## Example of using the Abra

In [42]:
%load_ext autoreload
%autoreload 2

The autoreload extension is already loaded. To reload it, use:
  %reload_ext autoreload


In [43]:
import pandas as pd
import matplotlib.pyplot as plt
import sklearn
from sklearn.model_selection import train_test_split
from sklearn.datasets import make_regression
from sklearn.metrics import r2_score
import statsmodels.api as sm
%matplotlib inline

In [44]:
from transformations import *
from selection import *

### Applying transforms

This example uses the naics5811 [dataset](http://www.nber.org/nberces/).
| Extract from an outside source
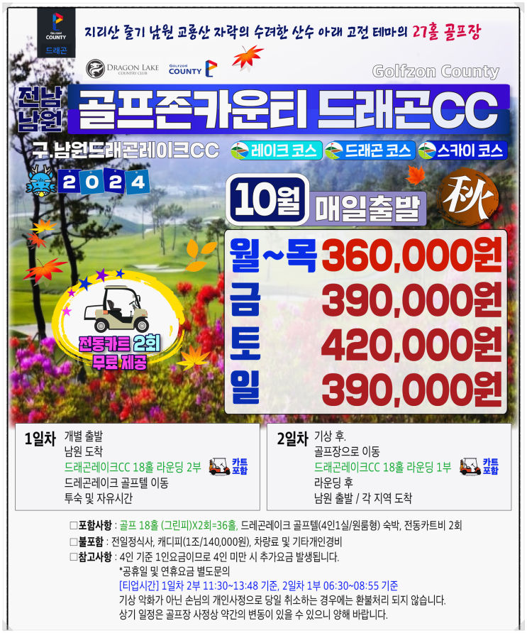 국내골프 남원드래곤cc 10월 1박2일 패키지
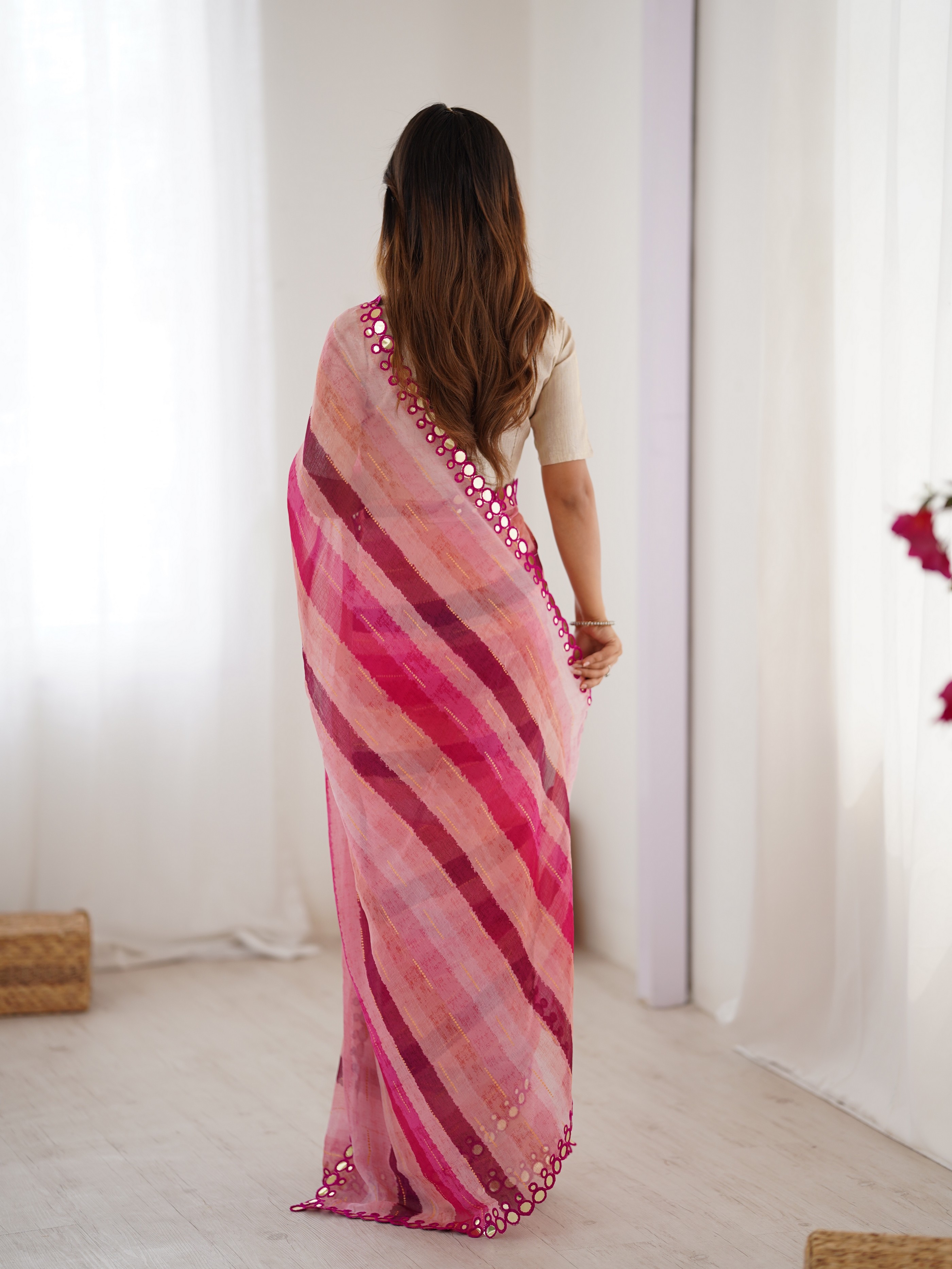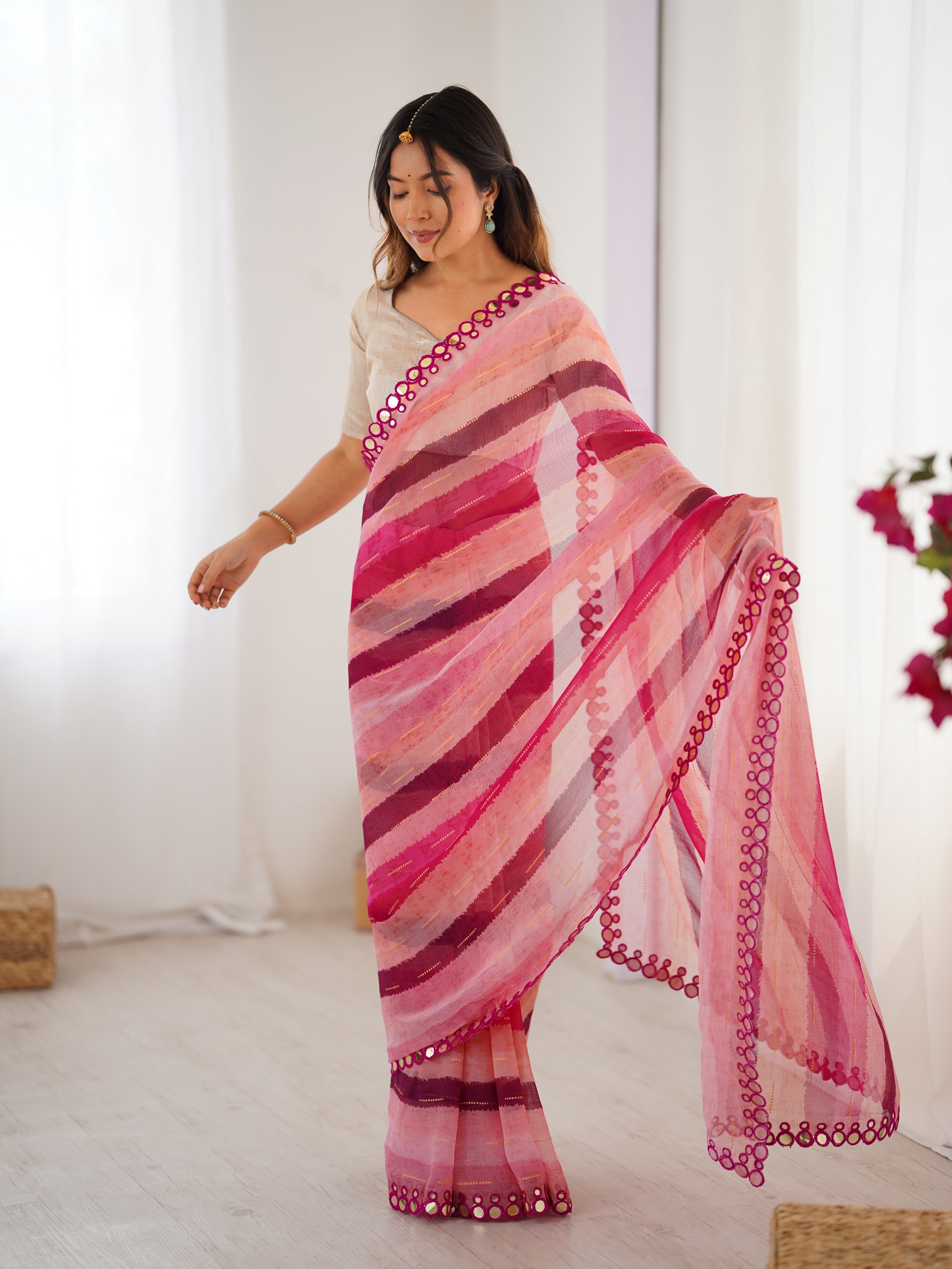 Pink Color Chiffon Fabric Designer Laheriya Printed Saree with Mirror Cut Work

A description of the columns is [here](http://www.nber.org/nberces/nberces5811/nberces_5811_summary_stats.pdf).

In [4]:
data = pd.read_csv('~/Downloads/naics5811.csv')
data = data.drop(['naics'], axis=1)
train, test = train_test_split(data,test_size=0.4)

get_standard_transforms_for_dataset creates a list of dicts describing standard transformations (e.g. imputations, caps, floors, onehot encoding, ihs transforms) and their parameters for the dataset columns. This list can be stored as json and used to implement the model.

In [5]:
standard_transforms = get_standard_transforms_for_dataset(train)

ihs_transforms = get_ihs_transforms_for_dataset(
    apply_transforms(train, standard_transforms), 
    drop_input=True
)

angular_transforms = [
    get_transform('pimat_ang', 'pimat', 'angular', drop_input=True),
    get_transform('piinv_ang', 'piinv', 'angular', drop_input=True),
    get_transform('pien_ang', 'pien', 'angular', drop_input=True)
]

transforms = standard_transforms+ihs_transforms+angular_transforms

In [6]:
transforms[50]

{'output': 'prode',
 'input': 'prode',
 'func': 'cap',
 'params': {'cutoff': 846.3401709195086},
 'drop_input': False}

In [7]:
transforms[120]

{'output': 'plant_ihs',
 'input': 'plant',
 'func': 'ihs',
 'params': {'ihs_factor': 10.69928324087381},
 'drop_input': True}

The list of dicts is then used by apply_transforms to apply each transformation to both the test and train set.

In [8]:
train = apply_transforms(train, transforms)
test = apply_transforms(test, transforms)

After that get_correlated_columns and get_unary_columns can be used to remove redundant and or un-informative columns.

In [9]:
correlated_column_sets = get_correlated_columns(train)

for i in range(len(correlated_column_sets)):
    test['col_set_{}'.format(i)] = test[correlated_column_sets[i][0]]
    train['col_set_{}'.format(i)] = train[correlated_column_sets[i][0]]
    test = test.drop(correlated_column_sets[i], axis=1)
    train = train.drop(correlated_column_sets[i], axis=1)

In [10]:
unary_columns = get_unary_columns(train)
train = train.drop(unary_columns, axis=1)
test = test.drop(unary_columns, axis=1)

train['const'] = 1
test['const'] = 1

### Variable Reduction

Next variable reduction procedures can be used to select the model. In this example the target is the total capex (invest).

In [11]:
target = 'invest_ihs'
X = train.copy().drop(target, axis=1)
y = train[target]

In [12]:
all_cols = list(X)
model = sm.OLS(train[target], train[all_cols]).fit()

In [13]:
print('Train R^2: {}'.format(r2_score(train[target],model.predict(train[all_cols]))))
print('Test R^2: {}'.format(r2_score(test[target],model.predict(test[all_cols]))))

Train R^2: 0.9323008236961887
Test R^2: 0.9295809035673137


One selection procedure that can be used is bayesian model selection (bms in R). Note, only linear regression is supported, but for selection linear regression can be used on binary targets.

In [24]:
bms_vars, pip, _, _ = fast_bms(X, y, iterations=10000, prior=get_binomial(25, 0.1))
pip.head(10)

Unnamed: 0,Variables,PIP
0,year,1.0
16,emp_ihs,1.0
34,pien_ang,1.0
33,piinv_ang,1.0
31,tfp4_ihs,1.0
29,piship_ihs,1.0
28,plant_ihs,1.0
27,equip_ihs,1.0
26,cap_ihs,1.0
25,energy_ihs,1.0


In [15]:
model = sm.OLS(train['invest_ihs'], train[bms_vars]).fit()
print('Train R^2: {}'.format(r2_score(train['invest_ihs'], model.predict(train[bms_vars]))))
print('Test R^2: {}'.format(r2_score(test['invest_ihs'], model.predict(test[bms_vars]))))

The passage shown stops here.